**EXERCISE AIM**
Everything in the listing should be copied exactly, save for the pictures.

**DATASET EXCERPT**
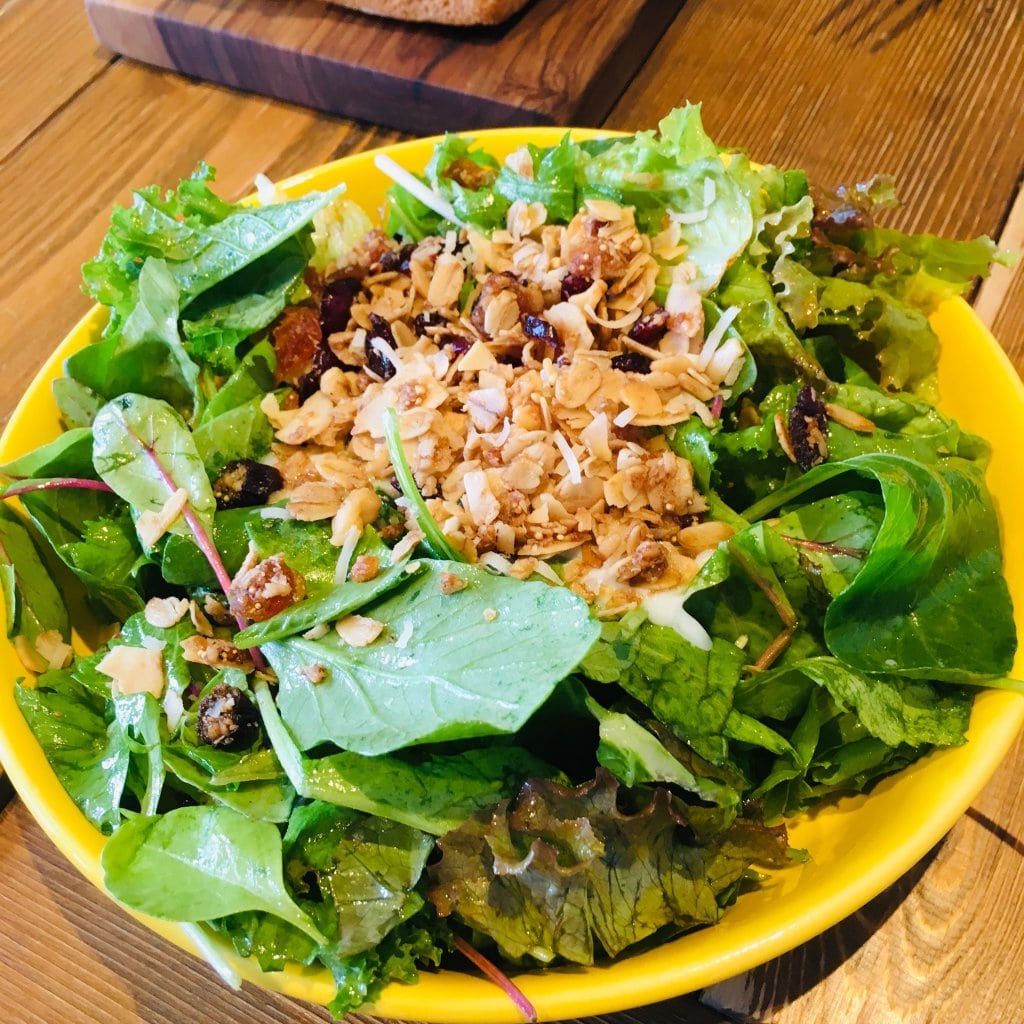 お野菜たっぷりのサラダ。ハチミツのソースがかかっていて、とても美味しかったです。
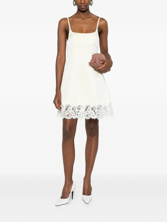Abito corto con rifinitura in pizzo
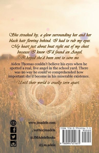 She streaked by, a glow surrounding her and her black hair flowing behind. I had to rub my eyes. My heart just about beat right out of my chest because I knew I’d found an Angel. I hoped she’d been sent to save me. Aiden Thomas couldn’t believe his eyes when he spotted a real, live angel in the school yard. There was no way he could’ve comprehended how important she’d become in his miserable existence. Until their world is cruelly torn apart. * Intended for mature audiences due to adult scenes and language. *

**TASK ANSWER**
 お野菜たっぷりのサラダ。ハチミツのソースがかかっていて、とても美味しかったです。
Abito corto con rifinitura in pizzo
 She streaked by, a glow surrounding her and her black hair flowing behind. I had to rub my eyes. My heart just about beat right out of my chest because I knew I’d found an Angel. I hoped she’d been sent to save me. Aiden Thomas couldn’t believe his eyes when he spotted a real, live angel in the school yard. There was no way he could’ve comprehended how important she’d become in his miserable existence. Until their world is cruelly torn apart. * Intended for mature audiences due to adult scenes and language. *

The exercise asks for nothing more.